Last weekend, Myanmar's navy held drills with Chinese warships. China's state-run Global Times said the military cooperation demonstrated "political trust".
That trust was expected to develop between Suu Kyi and the US-led West.
Myanmar's enduring fear of being dominated by its much larger neighbour, China, was one reason it improved ties with the United States in the first place. The Obama administration seized the opportunity while trying to "pivot" American foreign policy focus to Asia, hoping deeper relationships with its booming economies would provide the US long-term strategic and economic advantages.
Derek Mitchell, the former US ambassador who spearheaded Obama's Myanmar rapprochement, said China was "stunned" when the country reached out to the West between 2011 and 2015. China is now making up for lost time, and capitalising on President Donald Trump's reduced attention for Myanmar, he said.
"It gave an opportunity for China to say, 'See we're on your border and we're here to stay. You can't count on the Americans,'" Mitchell said.
The State Department and White House did not respond to requests for comment.
Trump has started to reach out to Southeast Asian leaders, praising Philippines' president Rodrigo Duterte for his deadly war on drugs and inviting him and Thailand's prime minister, who took power in a coup, to the White House. Next week, Trump is hosting communist Vietnam's prime minister. Trump has yet to speak with Suu Kyi.
For two decades, while Myanmar languished under repressive military rule, US administrations and influential lawmakers adored Suu Kyi. Obama helped her transformation from political prisoner to national leader, fostering democracy on China's doorstep. Republicans and Democrats touted the change as a victory for US interests and values.
China, which sees Myanmar as a land bridge to the Indian Ocean, saw a strategic setback.
Yun Sun, a China expert at the Stimson Center in Washington, said Chinese policy experts even characterised it with a proverb: "The cooked duck flew out of the window."
She said the proverb's meaning is clear: "Myanmar was already in our pockets but somehow the Americans stole it from us."
But Trump may have little political incentive now to prioritise US ties with Myanmar.
"What are left now are the problems," Sun added.
Problem one is sluggish economic growth. Washington has increased foreign aid and encouraged American investors by lifting sanctions. But the moves haven't spurred economic activity in one of Asia's last untapped markets.
Myanmar ranks 170th out of 190 nations in the World Bank's ease-of-doing-business rankings, and third-worst globally for contract enforcement.

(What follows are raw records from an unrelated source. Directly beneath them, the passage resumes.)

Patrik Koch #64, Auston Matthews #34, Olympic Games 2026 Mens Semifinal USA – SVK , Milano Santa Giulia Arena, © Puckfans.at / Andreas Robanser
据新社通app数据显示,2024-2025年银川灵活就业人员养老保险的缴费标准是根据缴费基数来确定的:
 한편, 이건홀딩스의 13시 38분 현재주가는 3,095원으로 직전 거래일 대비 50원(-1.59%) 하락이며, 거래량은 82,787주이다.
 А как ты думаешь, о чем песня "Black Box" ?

Foreign investment dropped almost a third between April 2016 and April 2017, according to Myanmar government figures, with no new US projects.
Problem two is human rights. Western nations in March backed a UN fact-finding mission on reported atrocities against Myanmar's downtrodden Rohingya Muslims. Suu Kyi opposed the idea, tarnishing her international reputation.

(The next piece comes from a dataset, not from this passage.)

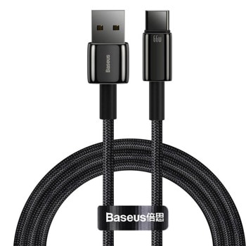 Кабел Baseus Tungsten Gold USB to USB-C Cable PD 2.0 66W (CATWJ-C01), от USB-A(м) към USB-C(м), 2m, 66W, черенКабел Baseus Tungsten Gold USB to USB-C Cable PD 2.0 66W (CATWJ-C01), от USB-A(м) към USB-C(м), 2m, 66W, черен

Problem three is ethnic conflict. Suu Kyi has prioritised resolving Myanmar's decades-long wars between the army and ethnic rebels, with little success. She tried again this week, bringing rebel groups together for talks with the government and military.

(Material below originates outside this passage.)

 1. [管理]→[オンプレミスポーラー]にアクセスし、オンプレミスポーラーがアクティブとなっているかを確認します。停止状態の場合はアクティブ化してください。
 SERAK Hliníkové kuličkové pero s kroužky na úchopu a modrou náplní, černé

China has leverage with rebels near its border and says it supports peace. Resolution, however, hinges on Myanmar's willingness to cede power to minorities and facilitate greater federalism.
On economic development, China faces wary Burmese citizens. Chinese projects have uprooted villagers and hurt the environment, factors that led Myanmar in 2011 to suspend a $3.6 billion dam primarily funded by Chinese energy interests. The suspension remains a sore point.
Mitchell, the former Obama envoy, warned of a larger strategic setback for the US
Failing to consolidate Myanmar's transition would tell the region's autocratic governments they were right, he said, that "democracy doesn't work in Asia".